The reality of my lifetime and the lives of millions of Black and Brown folk in the West is that most of us run a gauntlet of systemic racism, misogynoir, and material inequalities just to get to a very unequal playing field full of landmines. I know this down to my bone marrow. For nearly every job, I have been either well-qualified or overqualified, and just as often underpaid. My accomplishments have either been ignored or claimed by others. Precarity with achievements and credentials in my favor and never-ending whitesplaining and whitemansplaining judgements from the mediocre set could describe every job I’ve had with white folk in charge since 1984.
Although the American public thinks tolerance is the key to harmony, tolerance is like eating rotten fruit on the ground, easily accessible and hardly worth the stomach cramps. It’s often like “tolerating aches and pains” from a hard life — that’s not peace or harmony at all. DEI is fundamentally about curating a culture or an institution that fully embraces marginalized people and their cultures.
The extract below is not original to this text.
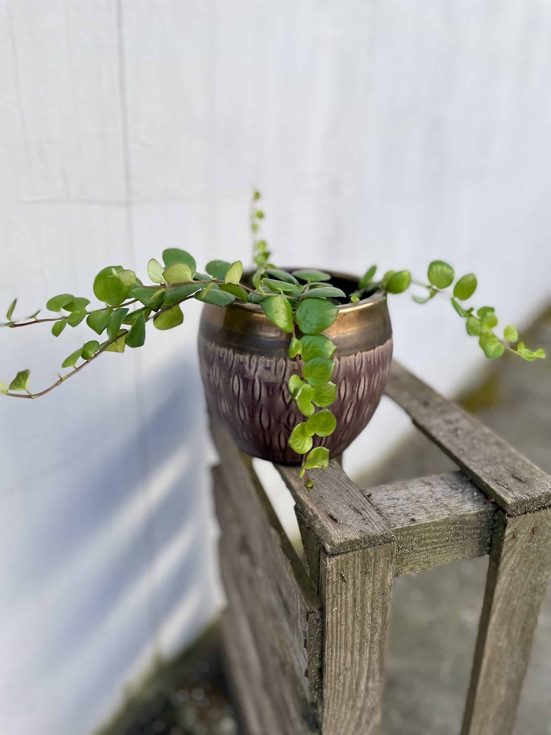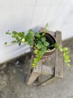 Aeschynanthus Pink Polka – przepiękna odmiana Eszynantusa o mięsistych, zaokrąglonych liściach i zwieszających się pędach. Idealny na wysoką półkę lub do plecionej makramy. Przy odpowiedniej pielęgnacji może zakwitnąć różowymi kwiatami.

If the Star Trek stories of Sisko and Burnham don’t run parallel with the need to be three times as good as white folks who see us as “just very slightly above average” (as one reader described me in 2014), then I have a warp-capable starship in orbit. Star Trek is supposed to represent a best possible future for humankind. But if that future is still tinged with the quiet racism of Black folk having to struggle and suffer trauma along the way to gain a position white characters just get by existing, is that a future anyone should want? No, the future should not be like our present, caught between white monolithic mediocrity and tortured Black excellence.